AVAILABLE RECORDS Block Start

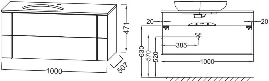 - Габариты корпуса тумбы (ШхВхГ): 100 х 47,1 х 50,7 см.
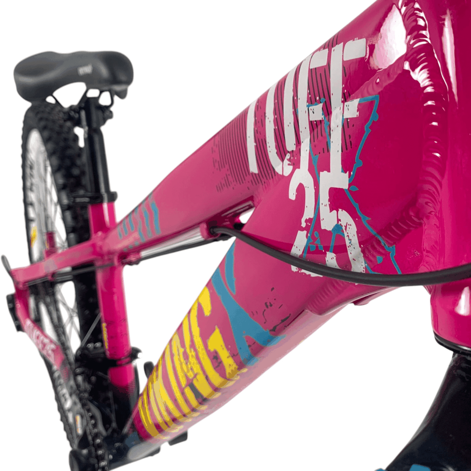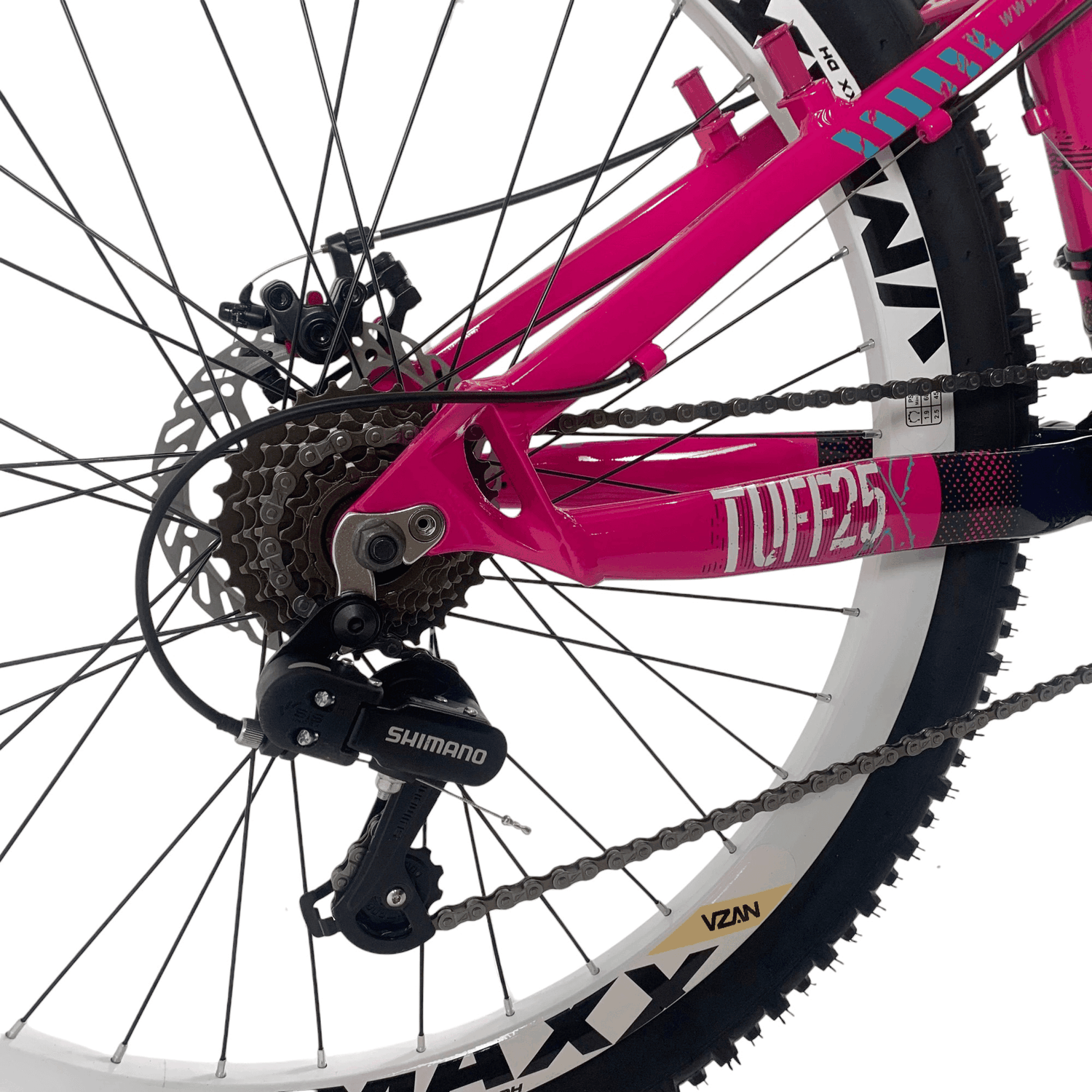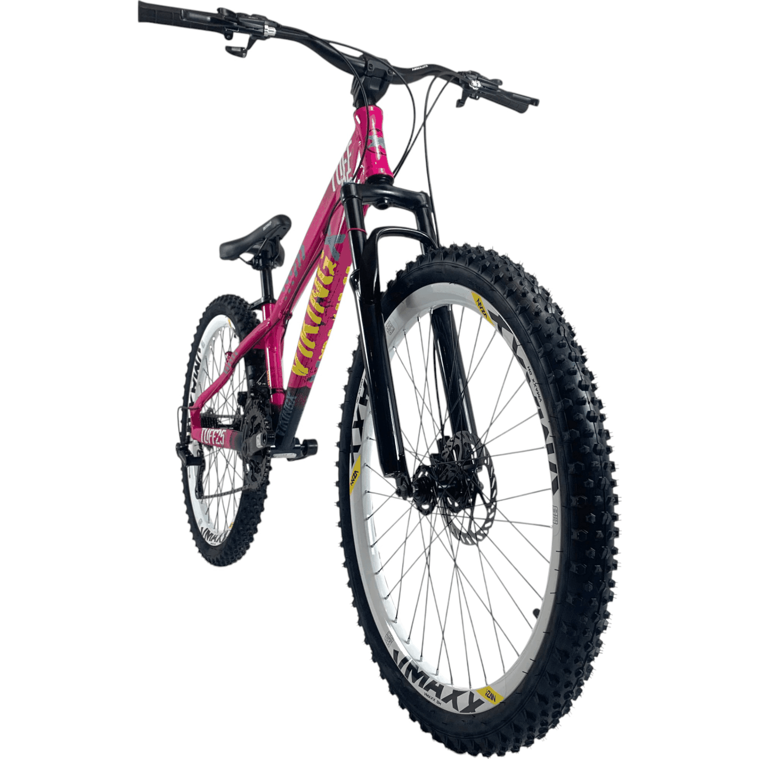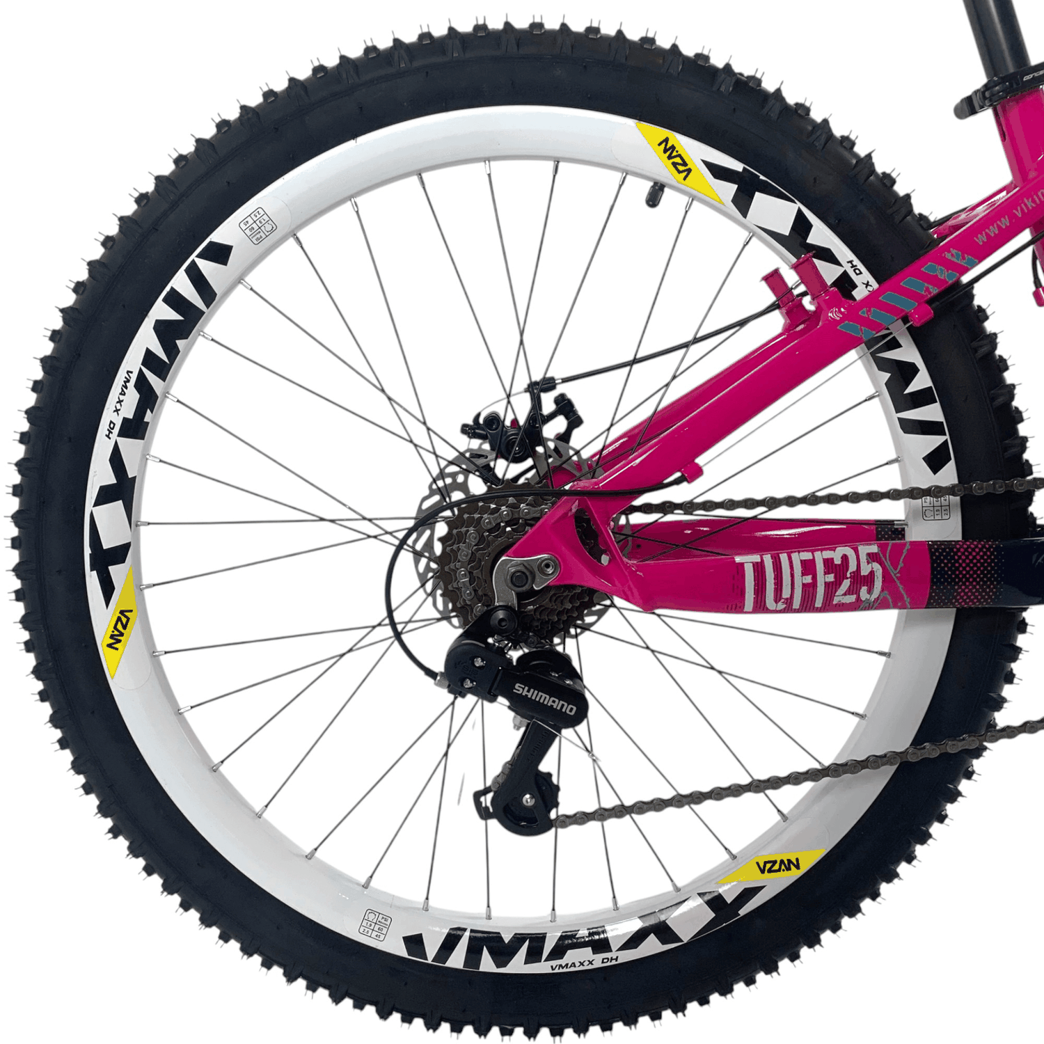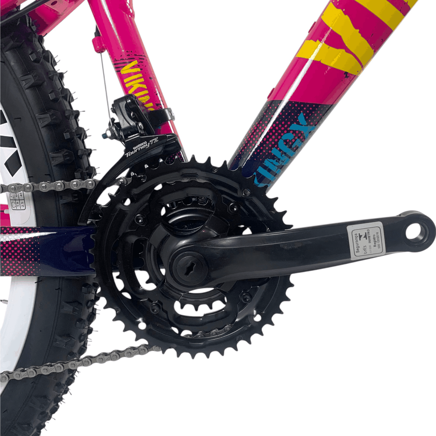 A Bicicleta VikingX Tuff 25 Aro 26 Tourney 21v é perfeita para ciclistas que buscam uma bike resistente, versátil e com um design moderno. Com quadro em alumínio Double Butted e componentes Shimano, essa bicicleta oferece estabilidade e performance em trilhas ou passeios urbanos. Seu visual vibrante nas cores rosa, azul e amarelo garante um estilo único.
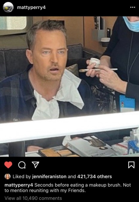 Меттью Перрі (він же Чендлер в серіалі) вирішив порадувати фанатів і поділитися в своєму Instagram першою фотографією з запису спеціального випуску: «За кілька секунд до того, як з’їсти кисть для макіяжу. Не кажучи вже про возз’єднання з «Друзями»».
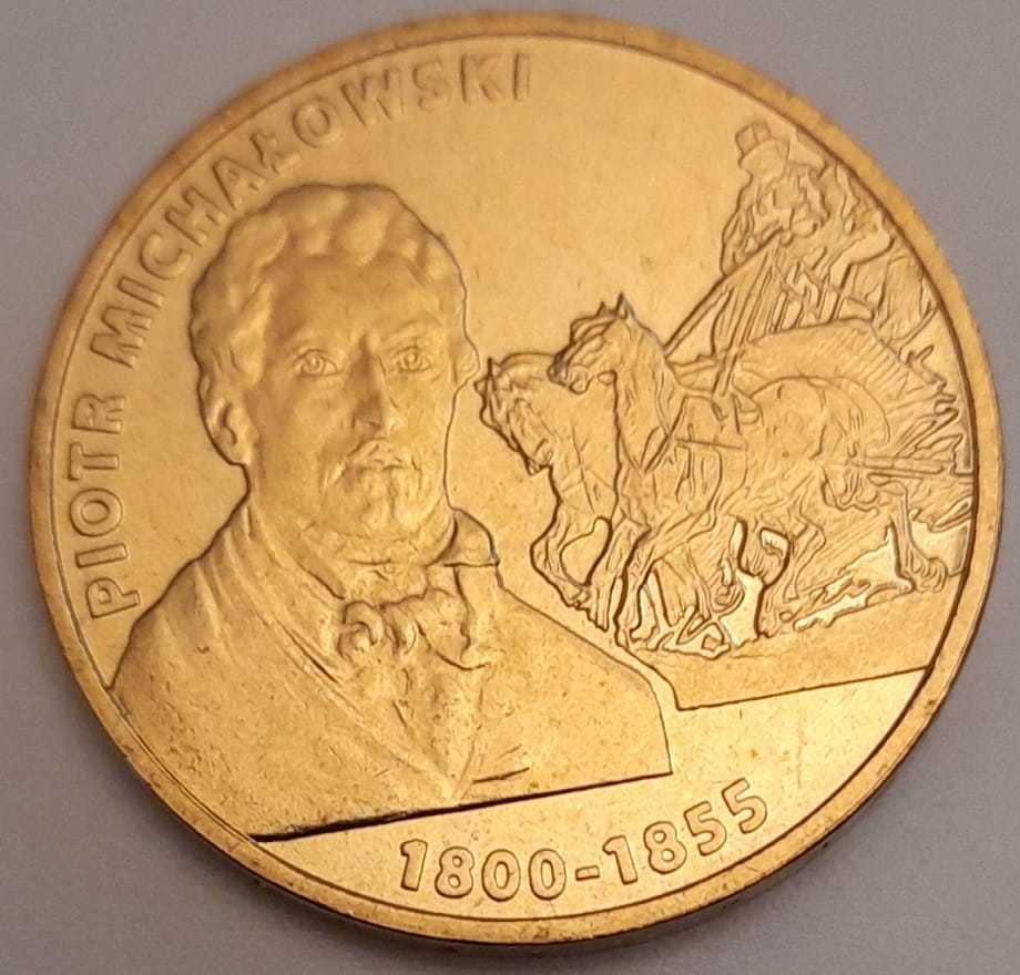 2 złote Piotr Michałowski 2012 r.- moneta okolicznościowa 2 złote Nordic Gold NG NBP, producenta Mennica Polska S.A., z serii Polscy Malarze XIX/XX w, stempel zwykły, moneta w kapslu ochronnym, stan zachowania 1/-1
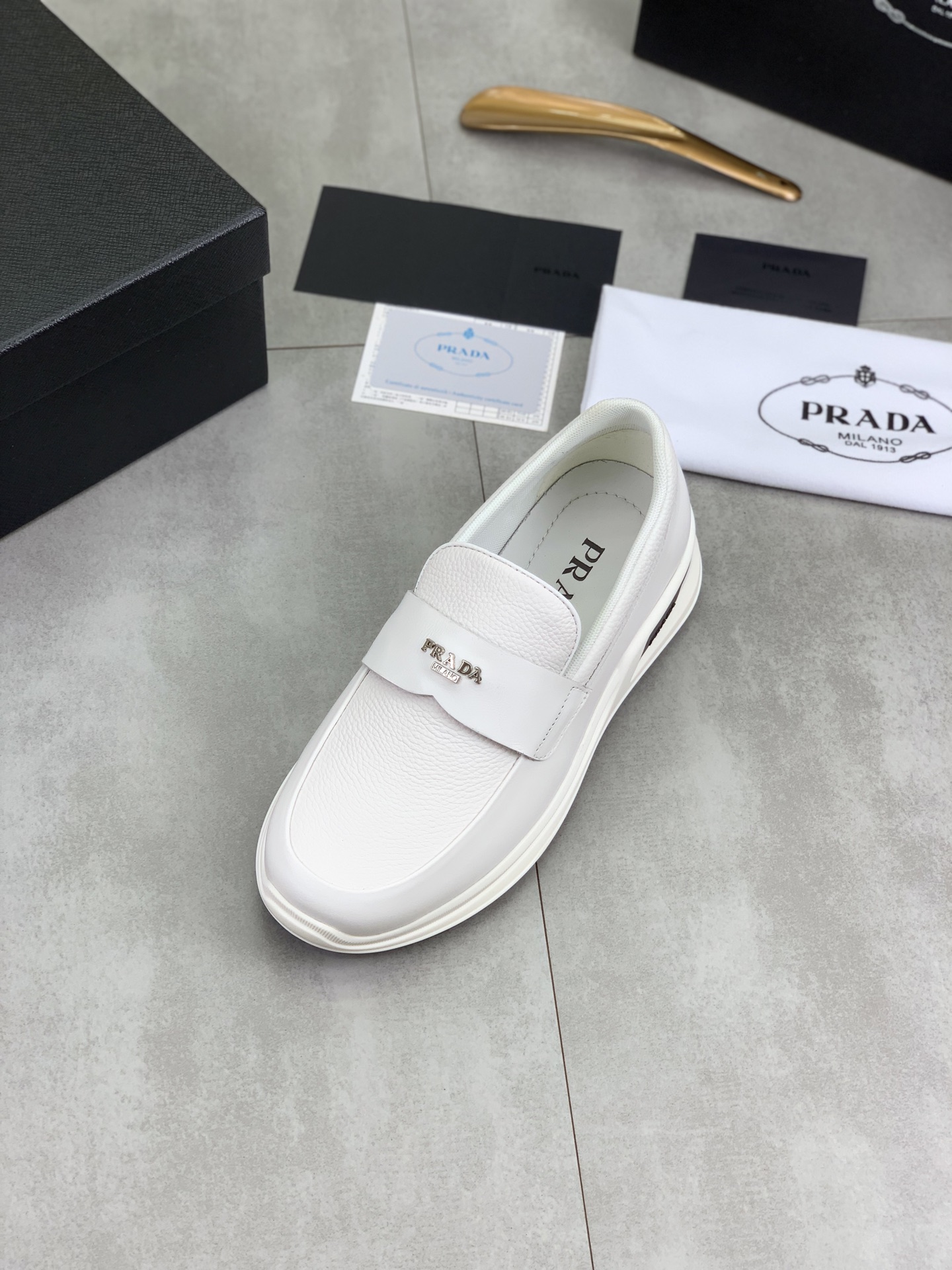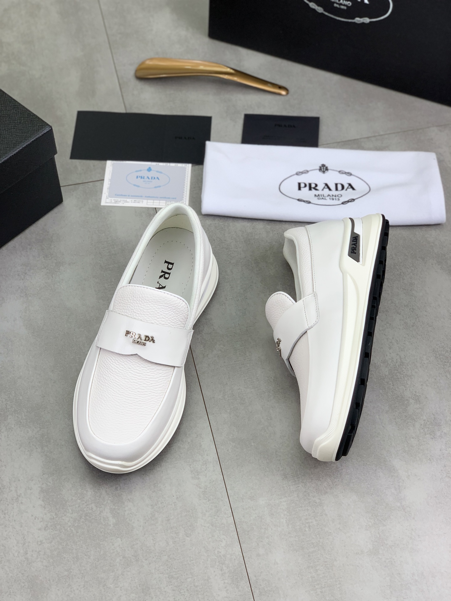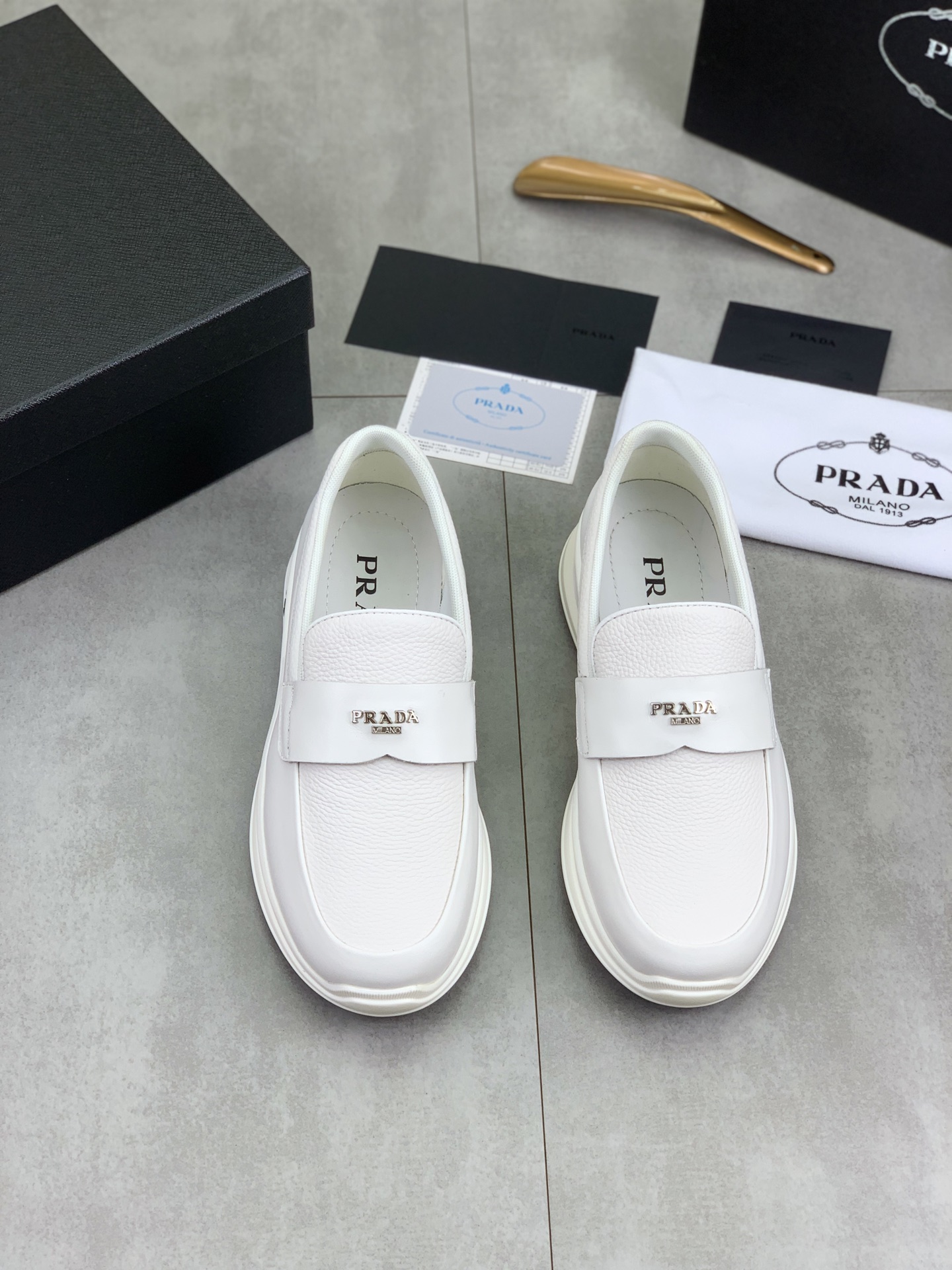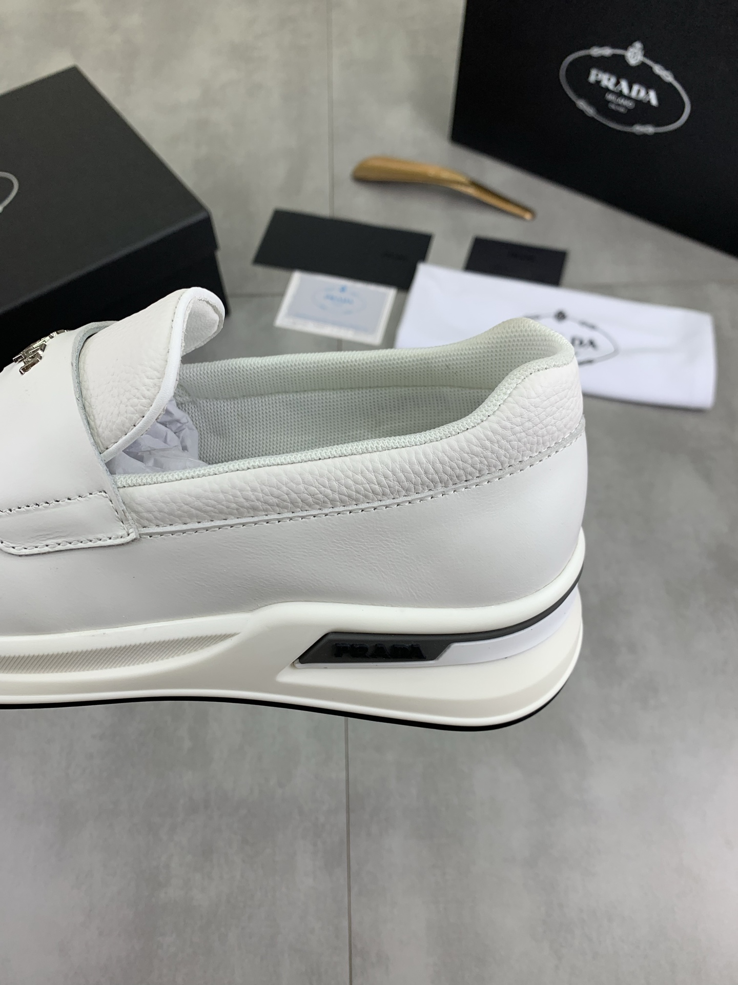 這款鞋子是AAAAA 1:1 質量(非常棒). 使用了和原版一模一樣的材料. 商標部分也保持了和普拉達/Prada一樣. 圖片拍攝是實物鞋子拍攝, 您所收到的實物保證和我們圖片一模一樣.

AVAILABLE RECORDS Block End

PROBLEM DETAILS:
No pictures should appear in the copy, which holds exactly the lines from the first line of the data through the line with "A Bicicleta VikingX" and nothing else.

EXERCISE SOLUTION:
 - Габариты корпуса тумбы (ШхВхГ): 100 х 47,1 х 50,7 см.
 A Bicicleta VikingX Tuff 25 Aro 26 Tourney 21v é perfeita para ciclistas que buscam uma bike resistente, versátil e com um design moderno. Com quadro em alumínio Double Butted e componentes Shimano, essa bicicleta oferece estabilidade e performance em trilhas ou passeios urbanos. Seu visual vibrante nas cores rosa, azul e amarelo garante um estilo único.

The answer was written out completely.